By Andrew Redmond Barr
As the party faithful gather in Brighton for the Liberal Democrat annual conference, members hear from the Chief Secretary to the Treasury Danny Alexander who has announced a crackdown on tax evasion and avoidance.
Despite Mr Alexander’s claims today that the UK Government was making “good progress” on the matter, it has come to light that last year’s conference pledge to recruit 2,000 new tax inspectors has not been fulfilled.
The number of HMRC staff in Enforcement and Compliance has fallen by 1,529 since the Coalition came to power.
SNP MSP Kenneth Gibson, Convener of the Scottish Parliament’s Finance Committee, criticised the cut in tax inspectors.
He said: “The LibDems’ conference is turning into an exercise in cynicism. While measures to crack down on tax evasion are welcome, Danny Alexander’s rhetoric is not matched by his department’s record.
“Last year he promised to recruit an additional 2,000 tax inspectors, yet the Treasury’s own figures show that enforcement and compliance teams, including specialist and criminal investigations staff, have been cut by 1,529.
“One could say it is a tax fraud itself to promise more tax inspectors when they have been cut by such a number.”
During this year’s party conference the Liberal Democrats have made a new pledge to raise £4bn this year and £9bn by 2015 from schemes to crack down on tax evasion.

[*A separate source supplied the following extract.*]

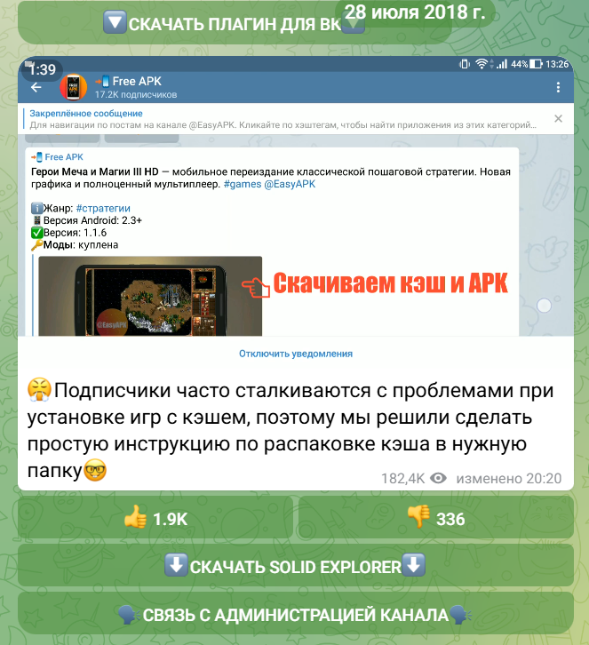 Easy apk – Telegram канал с ссылками для установки различных приложений на Android. Контент посвящен как играм, так и всевозможным программам – фото- и текстовым редакторам, образовательным приложениям, читалкам и прочим. Не спешите устанавливать файлы по прямым ссылкам из комьюнити, пока не дочитаете наш обзор до конца.

Up to 5,000 British investors are thought to hold secret accounts in tax havens. A deal was struck between Liechtenstein and the last Labour government to recover some lost British taxes, expecting to raise £1bn.
The Coalition claims its new plans will raise £3bn despite cutting the number of tax inspectors by over 1,000.
“Fair taxes in tough times means everyone playing by the same rule book, and everyone paying their fair share,” said Mr Alexander today at the Liberal Democrat conference.
“We have this message to the small minority of wealthy people who don’t play by the rules.
“We are coming to get you and you will pay your fair share.”
This year’s Liberal Democrat conference in Brighton has been largely inward-looking as the party tries to rediscover and re-establish its independent identity.
The conference started with an apology from Nick Clegg, who said “sorry” for promising not to increase tuition fees, but did not apologise for the implementation of the fee increase itself.
Mr Alexander has also used the conference to insist there would be no leniency in government austerity measures, referring to austerity as the “foundation” of the UK economy.
As the end of the Coalition’s term in government comes to a close in a few years’ time, the Liberal Democrats will be trying to minimise and reverse the unpopular blurring of their image with the more right-wing Conservatives.
However, so far the party has been largely unapologetic over austerity measures and cuts.